What do federal government policy initiatives look like when they ‘trickle down’ to individual groups, communities and people? Inevitably they will have different implications in different situations.
A recent roundtable in the remote Northern Territory town of Tennant Creek was convened amidst intersecting policy changes, including those addressing mental health, disability and the delivery of primary care.
Amanda Bresnan, Executive Director of Community Mental Health Australia was there. In the report below she points to some of the challenges raised by community mental health workers on the day.
Echoing the Redfern Statement, delivered by a coalition of Aboriginal and Torres Strait Islander peak bodies just over a year ago, these workers reiterated that, for policy initiatives to have any chance of improving health and wellbeing, the community must be supported and empowered to develop its own approaches.
As the Redfern Statement made clear, Aboriginal communities have the solutions.
Amanda Bresnan writes:
‘We have people who have lost their soul.’.
Those are the words of a community managed mental health provider in Tennant Creek in the Northern Territory, talking about Aboriginal children in their community. It’s not a comment anyone should hear about any community, let alone children.
I recently had the opportunity to visit Tennant Creek to attend a roundtable run by the NT Mental Health Coalition, Community Mental Health Australia’s member peak in the NT, for the the Primary Health Network (PHN) NT. The roundtable sought to to examine the development of a model of stepped mental health care in the NT.
Almost the entire mental health workforce for Tennant Creek was at the roundtable – a relatively small group of highly dedicated and skilled workers.

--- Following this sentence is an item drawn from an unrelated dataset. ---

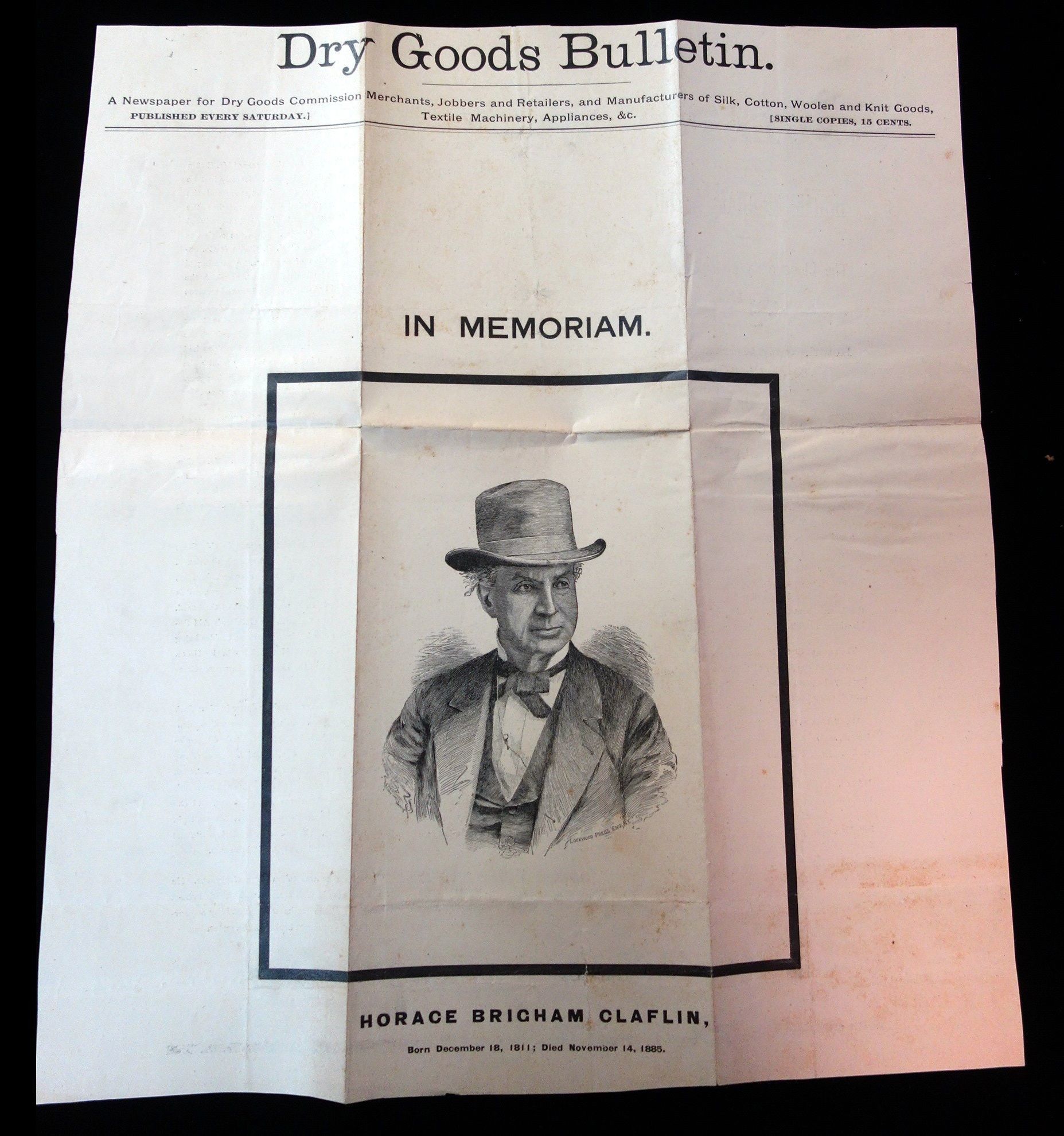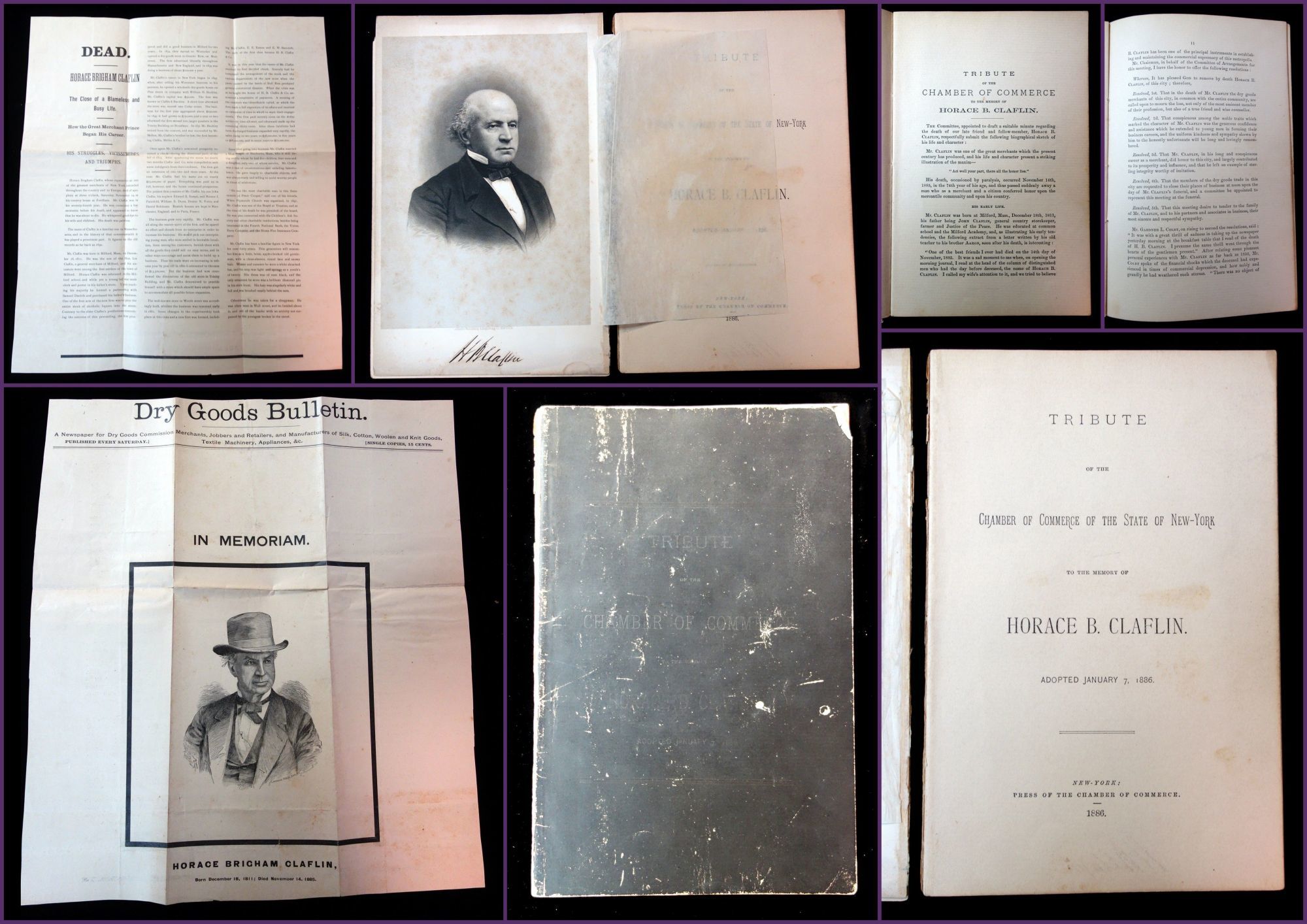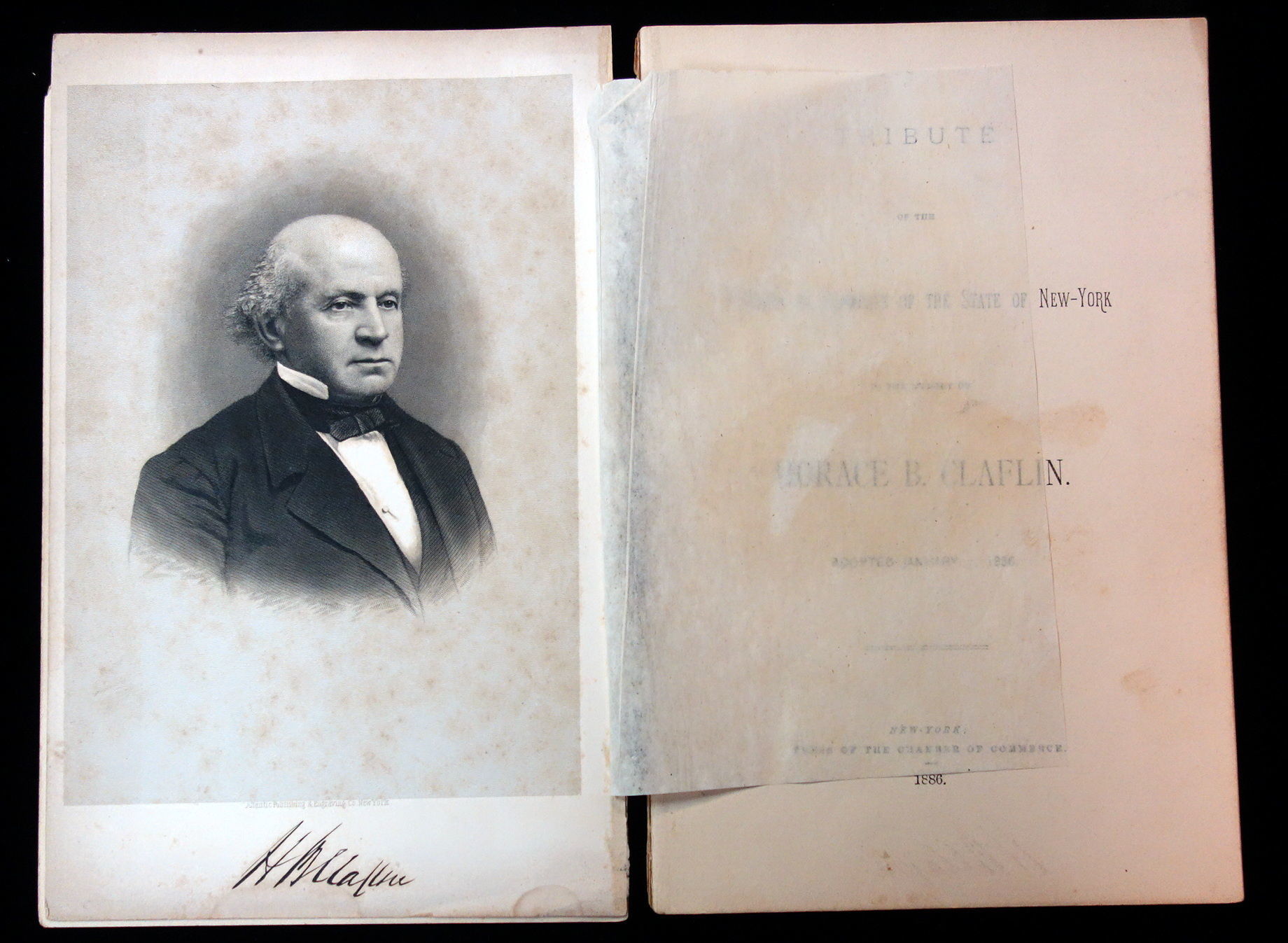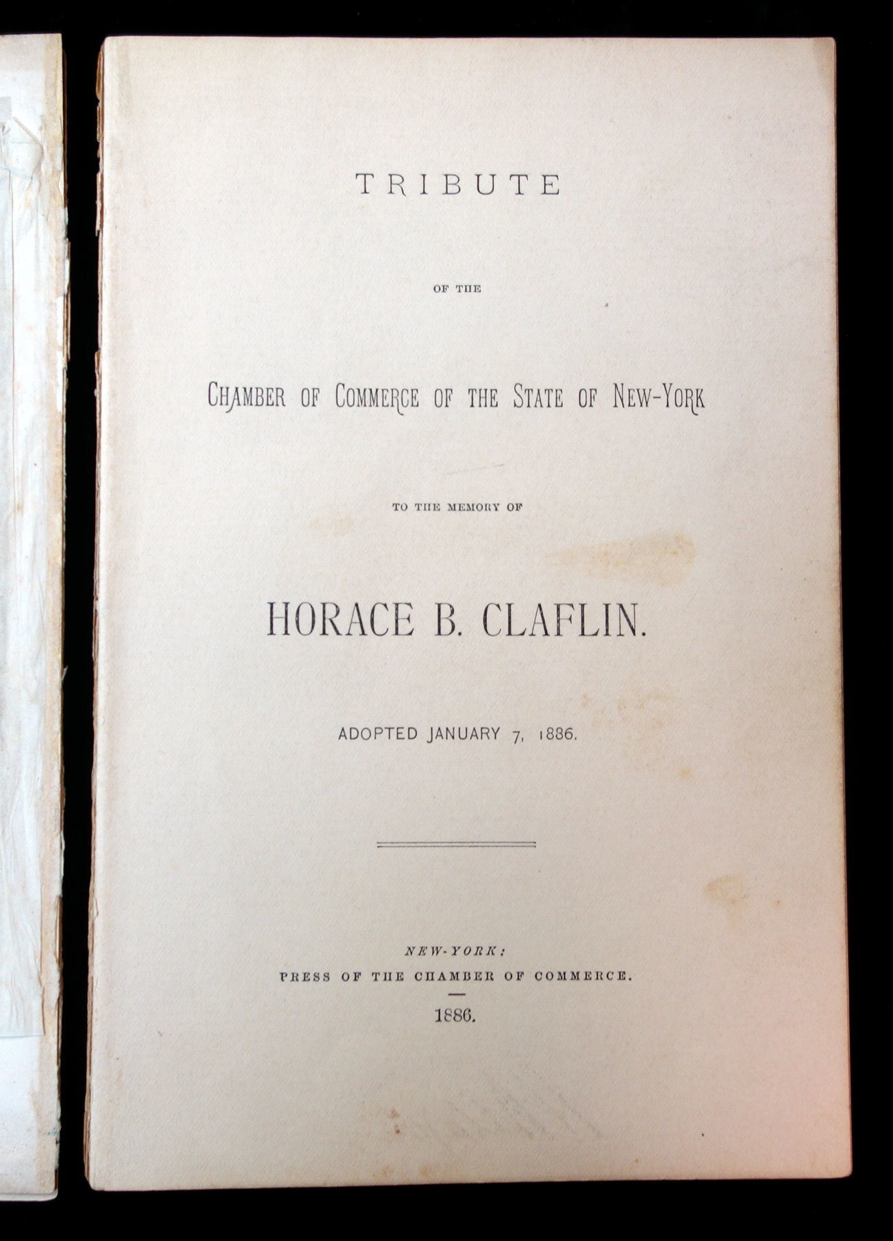New York: Atlantic Publishing & Engraving of New York, 1886. The front cover and first page of the booklet are detached. The title on the front cover is faded and hard to read. General soiling and toning due to age. The bulletin has been folded. The large format memoriam is trimmed on the edges.. Two items advertising the memorial of Horace Brigham Claflin who was an American merchant who founded the Bulkley & Claflin Company (later after Claflin's death it became known as H. B. Claflin Company). Over the years this bank was acquired many times, and is still in existence today under JP Morgan Chase. The first item is apparently from the Dry Goods Bulletin which serves as an memoriam/obituary for Claflin. The front side has an engraving of Claflin as well as his birth and death dates (December 18 ,1811 - November 14, 1885). The back side has a description of his life. Measures 14 1/4" x 12 3/4". The second item is a 16 pg booklet done by the New York Chamber of Commerce, that is the minutes of the meeting following Claflin's death as well as a biographical sketch of the man. The booklet states that "Mr. Claflin was one of the great merchants which the present century has produced, and his life and character present a striking illustration of the maxim, 'Act well your part, there all the honor lies.' " (pg. 3) The meeting end with several resolutions, one of which was "the entire community [of dry good merchants] are called upon to mourn the loss, not only of the most eminent member of their profession, but also of a true friend." (pg. 11, #1) This was accomplished when on the day of his funeral "the wholesale stores and commission houses throughout the dry goods district in New York City closed at noon, and business was suspended. That portion of the City usually so active and busy was silent and deserted." (pg. 15) The booklet also includes a portrait engraving of Claflin. Black covers. Measures 9 1/4" x 6" This was a dry good business that acted as middlemen between the manufacturers and retailers of dry goods. Additionally, he founded the Continental Bank of New York in 1870 along with Jacob H. Schiff, Marcellus Hartley, Robert L. Cutting and Joseph Seligman.

Hearing from them about their experiences and frustrations – most particularly being expressed for the Aboriginal community of Tennant Creek and the surrounding region – was heartbreaking and at times horrific.
National initiatives, local consequences
The roundtable was a stark reminder that what gets done at a national level will trickle down and affect what happens on the ground. In these remote and regional Aboriginal communities, federal decisions impact on those already struggling to meet capacity and deal with highly complex, traumatised people. What was most apparent from listening to the people delivering the services and support, is that we cannot take one approach developed at the national level and then try and force it to fit into communities that are dealing with a range of different circumstances, including isolation, limited to no access to technologies (such as mobile phones and the internet), and fly-in fly-out out and ever-changing workforces.
Adapting to the NDIS
The Barkly region, of which Tennant Creek is the major town, was a trial site for the roll out of the NDIS, and workers at the roundtable reported high rates of ineligibility for the the scheme. Federal Government programs such as Personal Helpers and Mentors (PHaMs) have been a significant source of assistance and help for individuals, families, and sometimes neighbours of people being impacted by persistent mental health issues.
PHaMs is a flexible, low barrier- to-entry program that has delivered significant support, particularly in communities where a range of people are impacted by another person’s mental health issues. Funding for PHaMs is moving into the NDIS, but potentially not all (or not even most) of those now receiving assistance from PHaMs are likely to be eligible for support through the NDIS.
As many of the workers stated, the people who need PHaMs just keep coming, but the funding is not, and their workload is not getting any less.
Siloed ‘solutions’
A point that was made and was highly evident in Tennant Creek, is that people often experience not just ‘mental health problems’ but a whole range of factors that contribute to the issues in their community. A National Mental Health and Suicide Prevention Plan that is a ‘health ministers’ plan and not a plan that looks at mental health and well-being, and all the factors that impact a person’s mental health – such as housing, employment, education, transport – will not help any community and definitely not an Aboriginal community.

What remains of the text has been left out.